Se aspetti la nomina in ruolo da GAE o da una graduatoria di merito, le immissioni in ruolo per l'anno scolastico 2026/27 sono ufficialmente entrate nel vivo. Con la conclusione dell'iter autorizzativo, gli Uffici Scolastici Regionali hanno avviato le operazioni di scorrimento delle graduatorie di merito e le relative convocazioni per le immissioni in ruolo. Gli uffici territoriali sono ora impegnati nel completamento della procedura per coprire i posti vacanti entro la data del primo settembre. La cosa utile da fare adesso è tenere d'occhio i canali ufficiali e rispondere tempestivamente alle convocazioni.
Gli Uffici Scolastici Regionali stanno aggiornando in questi giorni le proprie sezioni dedicate al reclutamento e stanno pubblicando le graduatorie definitive: sono i tasselli che precedono le nomine. Il via ufficiale è scattato con la pubblicazione del decreto ministeriale con il contingente autorizzato.
Perché tutto è fermo in attesa del contingente
Il decreto sul contingente è l'atto che fissa quante assunzioni a tempo indeterminato sono finanziabili e come si distribuiscono tra regioni e classi di concorso. Senza quel numero, gli USR non possono avviare le convocazioni. È bene ricordare che il contingente non crea cattedre nuove: mette un tetto di spesa. Sempre secondo l'elaborazione della UIL Scuola sui dati degli uffici, i posti vacanti dopo la mobilità sfiorano quota 48.000, ma è un bacino potenziale, non la garanzia che verranno coperti tutti.
Come funziona la ripartizione tra GAE e merito
Il meccanismo è quello di sempre, previsto dall'articolo 399 del testo unico sulla scuola (decreto legislativo n. 297 del 1994): metà dei posti autorizzati va alle graduatorie ad esaurimento (GAE) e metà alle graduatorie di merito dei concorsi. Se per una classe di concorso le GAE sono esaurite, la quota non assegnata passa automaticamente all'altro canale. All'interno del bacino concorsuale la priorità è dei vincitori; solo dopo, e nei limiti dei posti, possono rientrare gli idonei della quota aggiuntiva e, come ulteriore passaggio, gli elenchi regionali introdotti quest'anno.
Le due fasi della nomina
Una volta pubblicato il decreto, la macchina si muove in fretta. Il Ministero distribuisce il contingente alle Regioni, gli USR lo ripartiscono tra province, gradi di scuola e classi di concorso e poi avviano le convocazioni, che si svolgono su Istanze Online in due fasi:
- Fase 1 – la provincia. Chi è in GAE conferma la provincia di inserimento ed eventualmente l'ordine di preferenza delle classi di concorso; chi è in graduatoria di merito indica l'ordine di preferenza delle province della regione.
- Fase 2 – la sede.
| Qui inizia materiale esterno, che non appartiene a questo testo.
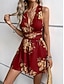 naisten kukka leikattu print riimu kaula minimekko päivittäin loma hihaton kesä kevät
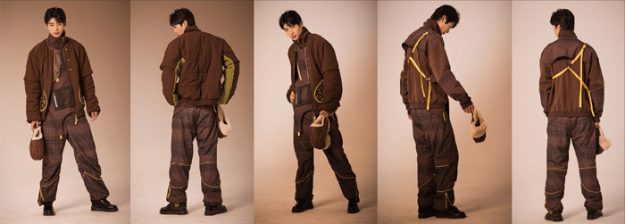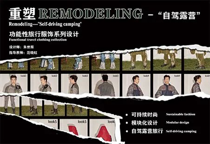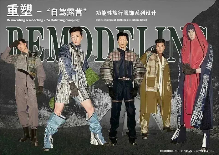 设计说明:近年来,世界的运行方式暴露出许多缺陷,人们越来越意识到环境保护的迫切性和积极情绪的必要性。系列设计以东方修复工艺金缮为主要灵感来源,秉持将地球放在首位的理念,采用消费者愈发青睐的回收设计,通过二手回收,将旧物升级重造,聚焦模块化设计,实现全天候的多场景着装需求。以现代化设计打造复古自驾露营风格的功能性服装,迎合都市青年的潮流生活方式,传递更乐观的生活状态和更积极的可持续理念。

Assegnata la provincia, si sceglie la scuola tra quelle rese disponibili dall'USR. Conviene compilare tutte le preferenze, perché in caso di indisponibilità la sede può essere assegnata d'ufficio.
Le finestre per compilare sono tradizionalmente strettissime, spesso poche decine di ore: è questo il motivo per cui il monitoraggio quotidiano fa davvero la differenza.
Un'attenzione in più se sei su più canali
Chi partecipa a più procedure – per esempio GAE e concorso, oppure graduatorie di regioni diverse – farà bene a prestare particolare attenzione: possono arrivare proposte di nomina in parallelo, da gestire seguendo con cura le indicazioni operative che pubblicheranno gli USR. Un'eventuale scelta va ponderata, perché condiziona i passaggi successivi.
Cosa fare adesso
Le convocazioni le gestiscono direttamente gli USR con avvisi dedicati. Le mosse concrete sono poche e semplici:
- Controlla di frequente la sezione news del tuo USR e la pagina del Ministero dedicata alle immissioni in ruolo, dove compaiono i decreti e le istruzioni operative.
- Verifica che le credenziali di Istanze Online funzionino e che l'indirizzo e-mail associato sia attivo: è lì che arrivano le comunicazioni.
- Prepara in anticipo l'ordine delle preferenze di provincia e sede, così da non decidere all'ultimo con la finestra già aperta.
Il quadro provincia per provincia sta diventando concreto dopo l'autorizzazione del contingente e la ripartizione da parte degli USR. L'obiettivo dichiarato è completare le nomine in tempo per la presa di servizio del 1° settembre. La parola d'ordine è una sola: farsi trovare pronti.